For Change of Control. For purposes of this Agreement, a “Change of Control” shall mean and be deemed to have occurred if: i. The acquisition by any person, entity or “group” within the meaning of Section 13(d) or 14(d) of the Securities Exchange Act of 1934, as amended (the “Exchange Act”), other than a person, entity or “group” that includes Employee, of beneficial ownership (within the meaning of Rule 13d-3 promulgated under the Exchange Act) of two-thirds or more of the Company’s then outstanding voting securities; or ii. If the individuals who serve on the Board of Directors as of the Commencement Date (the “Incumbent Board”) cease for any reason to constitute at least a majority of the Board of Directors; provided, however, any person who becomes a director subsequent to the Commencement Date, whose election or nomination for election was approved by a vote of at least a majority of the directors then constituting the Incumbent Board, shall for purposes of this Agreement be considered a member of the Incumbent Board; or iii.
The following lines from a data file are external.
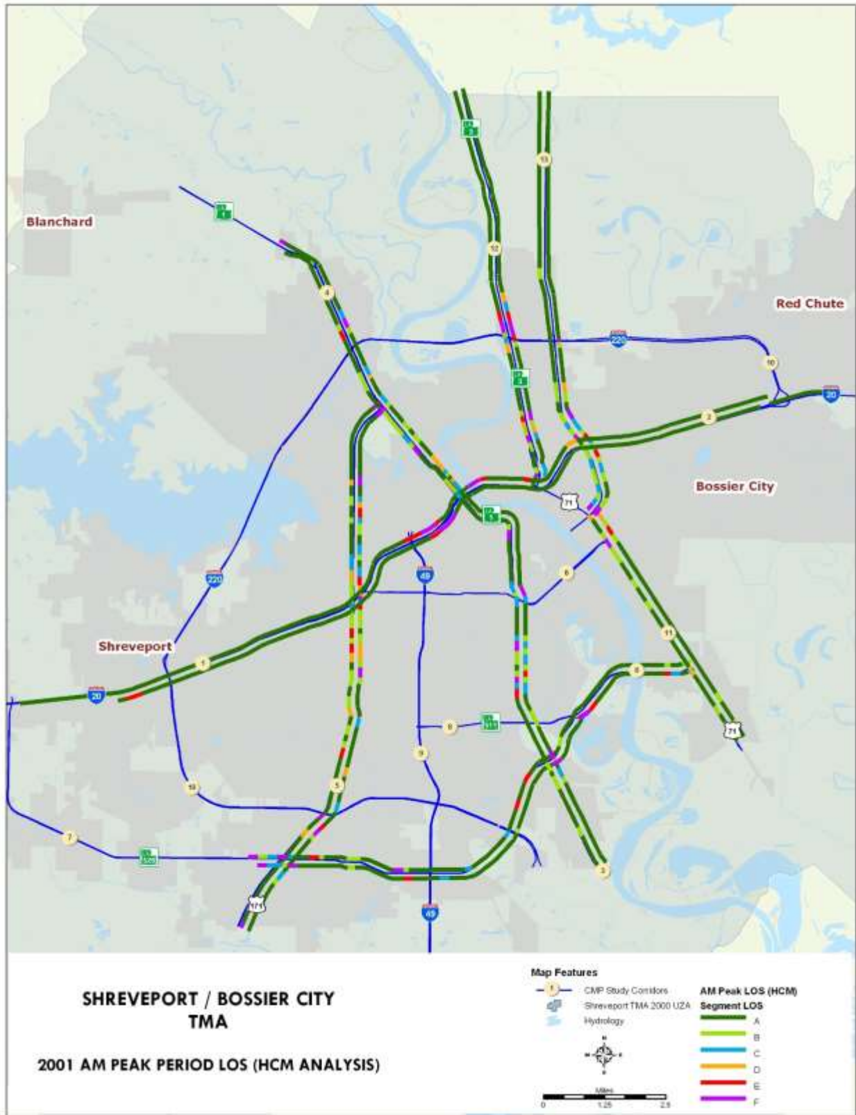
Figure 2.2: 2001 AM PEAK PERIOD LOS DETERMINATIONS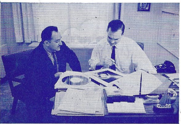
The sheet music cover, which deftly captures the mood of the music, is given finishing touches by artist Jack Cesareo and the publisher. The song is now ready for printing and distribution.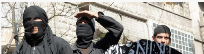
7 children die during raids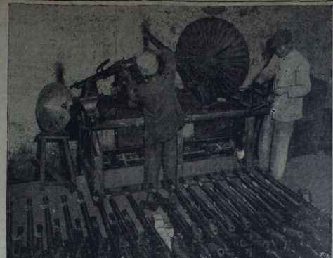
UNDERGROUND FACTORY—Chinese workers make light machine guns in an underground factory deep in the rock bowels of a mountain in southwestern China.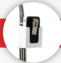
Attachable Battery-Pack Cradle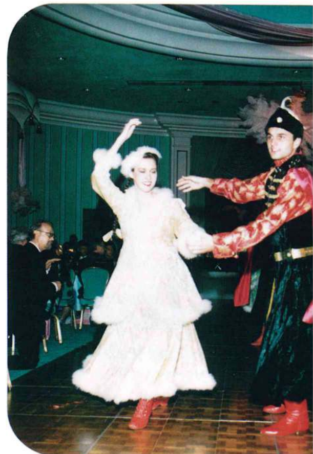
Polish American Dance Group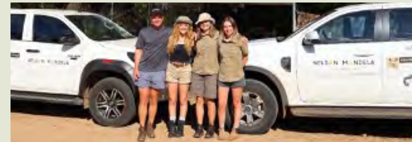
Our dedicated lion-counters in Kruger National Park. Two teams covered 25000 kms over 114 days, indentifying over 300 lions.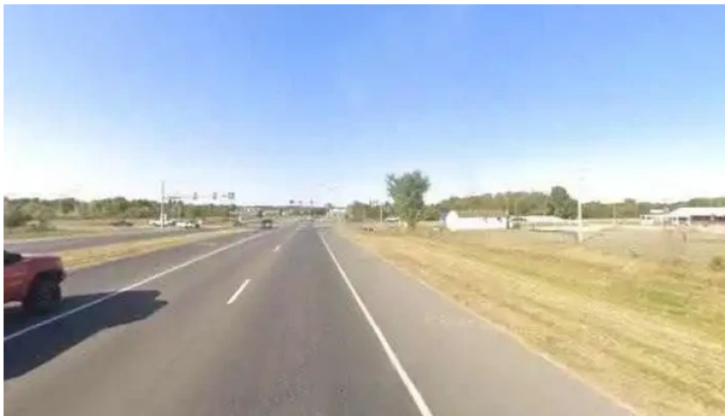
Okie flow fitness tahlequah street view 360deg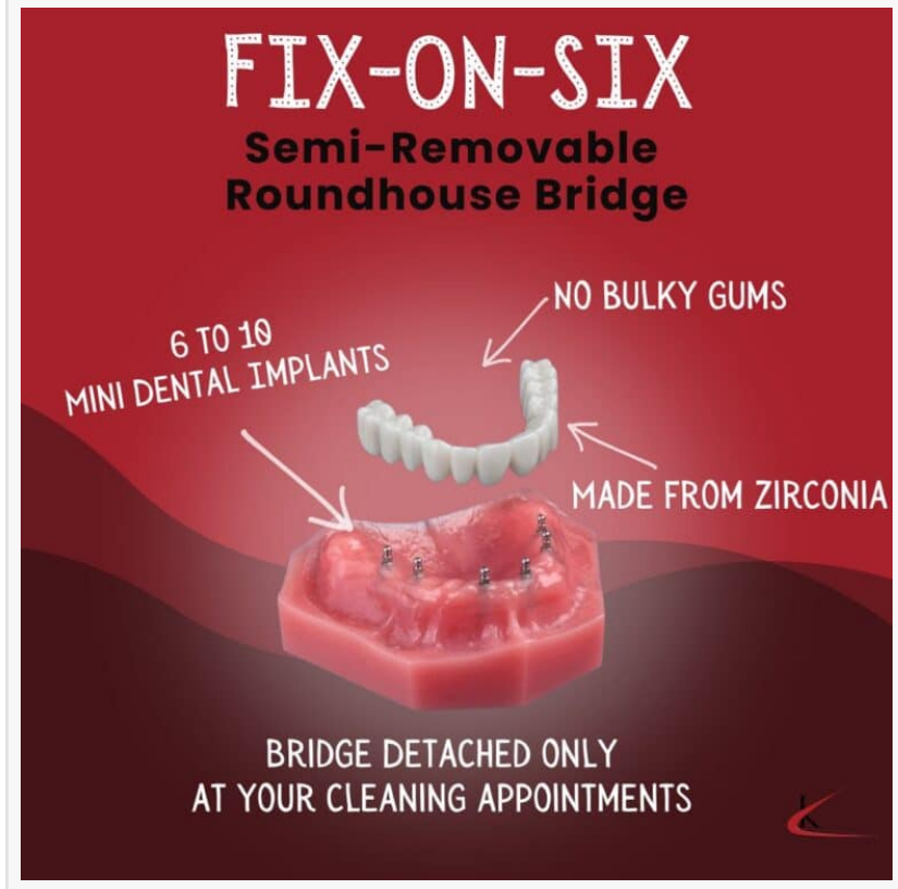
Snap-On Dentures in Winston-Salem, NC - All-on-4 Alternatives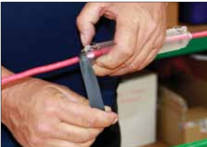
1. No more sealing resin shells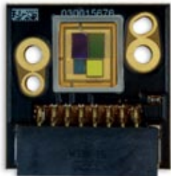
LED Chipset (Actual size)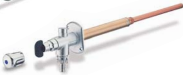
Figure 576 02

Approval by the Company’s equity holders of (A) a merger, reorganization or consolidation whereby the Company’s equity holders immediately prior to such approval do not, immediately after consummation of such reorganization, merger or consolidation own more than 50% of the combined voting power of the surviving entity’s then outstanding voting securities entitled to vote generally in the election of directors; or (B) the sale of all or substantially all of the assets of the Company. Notwithstanding anything to the contrary herein, a Change of Control shall not be deemed to have occurred if the Company sells substantially all of its assets for less than the amount of capital (whether in cash or other property) contributed by shareholders to the Company.